The total net fair value of hedges related to transaction exposure as of December 31, 2012 was an unrealized asset of EUR 25 million. An instantaneous 10% increase in the value of the euro against all currencies would lead to a decrease of EUR 69 million in the value of the derivatives; including a EUR 96 million decrease related to foreign exchange transactions of the US dollar against the euro, a EUR 17 million decrease related to foreign exchange transactions of the Japanese yen against euro, a EUR 8 million decrease related to foreign exchange transactions of the Pound sterling, partially offset by a EUR 69 million increase related to foreign exchange transactions of the euro against the US dollar.

Foreign exchange exposure also arises as a result of inter-company loans and deposits. Where the Company enters into such arrangements the financing is generally provided in the functional currency of the subsidiary entity. The currency of the Company’s external funding and liquid assets is matched with the required financing of subsidiaries either directly through external foreign currency loans and deposits, or synthetically by using foreign exchange derivatives, including cross currency interest rate swaps and foreign exchange forward contracts. In certain cases where group companies may also have external foreign currency debt or liquid assets, these exposures are also hedged through the use of foreign exchange derivatives. Changes in the fair value of hedges related to this exposure are either recognized within financial income and expenses in the statements of income, accounted for as cash flow hedges or where such loans would be considered part of the net investment in the subsidiary then net investment hedging would be applied. Translation exposure of foreign-currency equity invested in consolidated entities may be hedged. If a hedge is entered into, it is accounted for as a net investment hedge. As of December 31, 2013 cross currency interest rate swaps and foreign exchange forward contracts with a fair value liability of EUR 261 million and external bond funding for a nominal value of USD 4,059 million were designated as net investment hedges of our financing investments in foreign operations. During 2013 a total gain of EUR 2 million was recognized in the income statement as ineffectiveness on net investment hedges. The total net fair value of these financing derivatives as of December 31, 2013, was a liability of EUR 260 million.

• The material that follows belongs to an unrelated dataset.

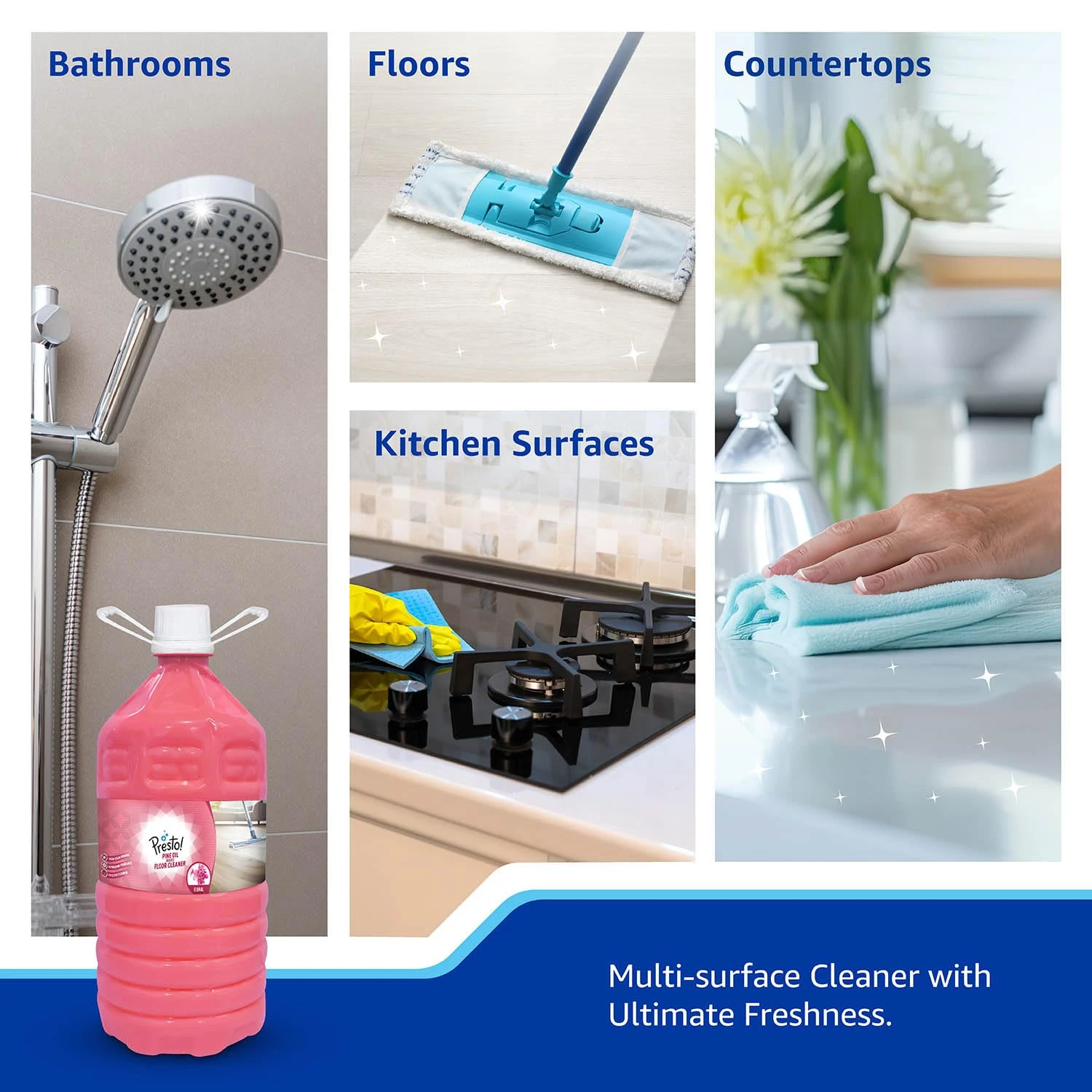 Amazon Brand - Presto! Surface & Floor Cleaner | 5 Litres | Floral Fragrance | Essential Liquid Cleaning Solution
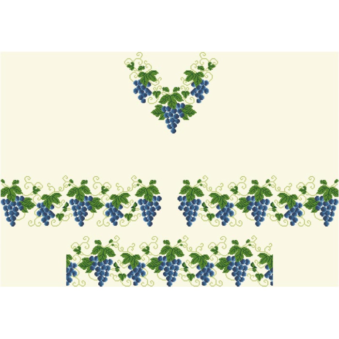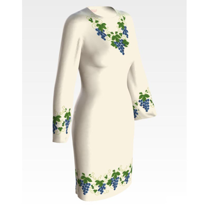 Заготовка для вишивки жіночої сукні Виноград призначена для часткової зашивки бісером або нитками. Схема надрукована на домотканому полотні бежевого кольору екологічно чистими стійкими фарбами, що не змиваються після прання. Відрізи розкроєні з урахуванням необхідних запасів для зручного вишивання та подальшого пошиття виробу.

An instantaneous 10% increase in the value of the euro against all currencies would lead to an increase of EUR 245 million in the value of the derivatives, including a EUR 272 million increase related to the US dollar.

Philips does not currently hedge the foreign exchange exposure arising from equity interests in non-functional-currency investments in associates and available-for-sale financial assets.

Interest rate risk

Interest rate risk is the risk that the fair value or future cash flows of a financial instrument will fluctuate because of changes in market interest rates. Philips had outstanding debt of EUR 3,901 million, which created an inherent interest rate risk. Failure to effectively hedge this risk could negatively impact financial results. At year-end, Philips held EUR 2,465 million in cash and cash equivalents, total long-term debt of EUR 3,309 million and total short-term debt of EUR 592 million. At December 31, 2013, Philips had a ratio of fixed-rate long-term debt to total outstanding debt of approximately 80%, compared to 72% one year earlier.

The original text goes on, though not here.